### The data

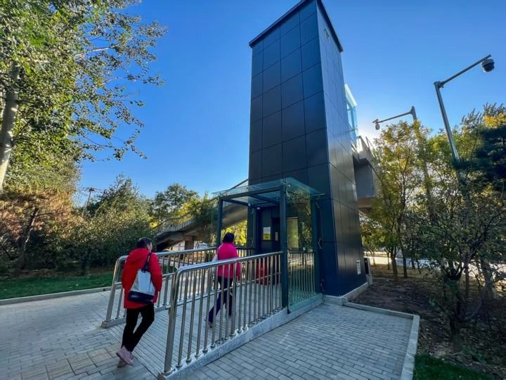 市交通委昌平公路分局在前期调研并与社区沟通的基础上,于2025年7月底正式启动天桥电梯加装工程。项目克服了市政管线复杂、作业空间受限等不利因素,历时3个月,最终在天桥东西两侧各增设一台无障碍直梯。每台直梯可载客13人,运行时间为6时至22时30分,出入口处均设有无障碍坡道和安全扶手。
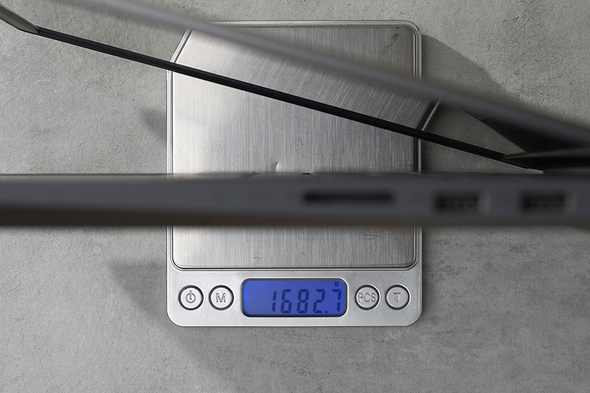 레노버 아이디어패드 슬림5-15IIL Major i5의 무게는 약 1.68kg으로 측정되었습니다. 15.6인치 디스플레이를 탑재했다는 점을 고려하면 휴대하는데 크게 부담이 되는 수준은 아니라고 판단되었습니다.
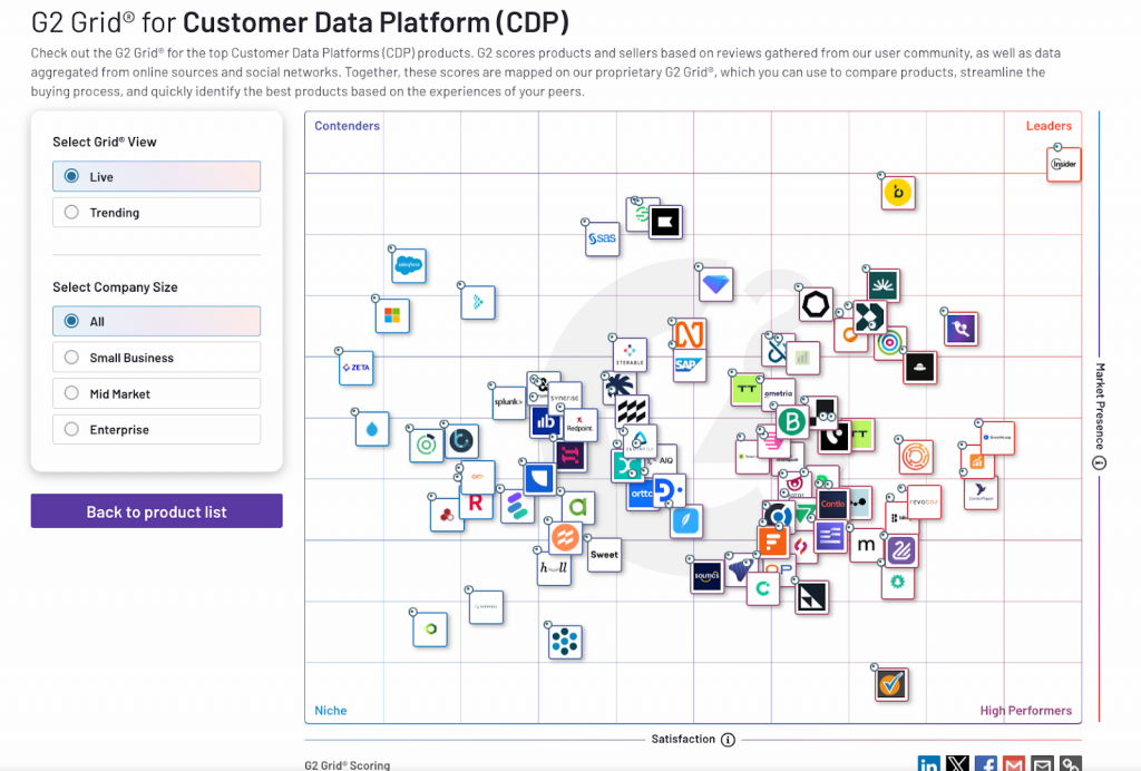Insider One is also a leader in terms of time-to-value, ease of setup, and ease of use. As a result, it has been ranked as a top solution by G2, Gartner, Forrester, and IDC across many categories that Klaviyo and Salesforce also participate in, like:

######

Nothing but the lines from the one holding "레노버 아이디어패드 슬림5-15IIL" through the last line of the listing should appear in the answer, copied exactly and without pictures.

» Completed exercise:
 레노버 아이디어패드 슬림5-15IIL Major i5의 무게는 약 1.68kg으로 측정되었습니다. 15.6인치 디스플레이를 탑재했다는 점을 고려하면 휴대하는데 크게 부담이 되는 수준은 아니라고 판단되었습니다.
Insider One is also a leader in terms of time-to-value, ease of setup, and ease of use. As a result, it has been ranked as a top solution by G2, Gartner, Forrester, and IDC across many categories that Klaviyo and Salesforce also participate in, like:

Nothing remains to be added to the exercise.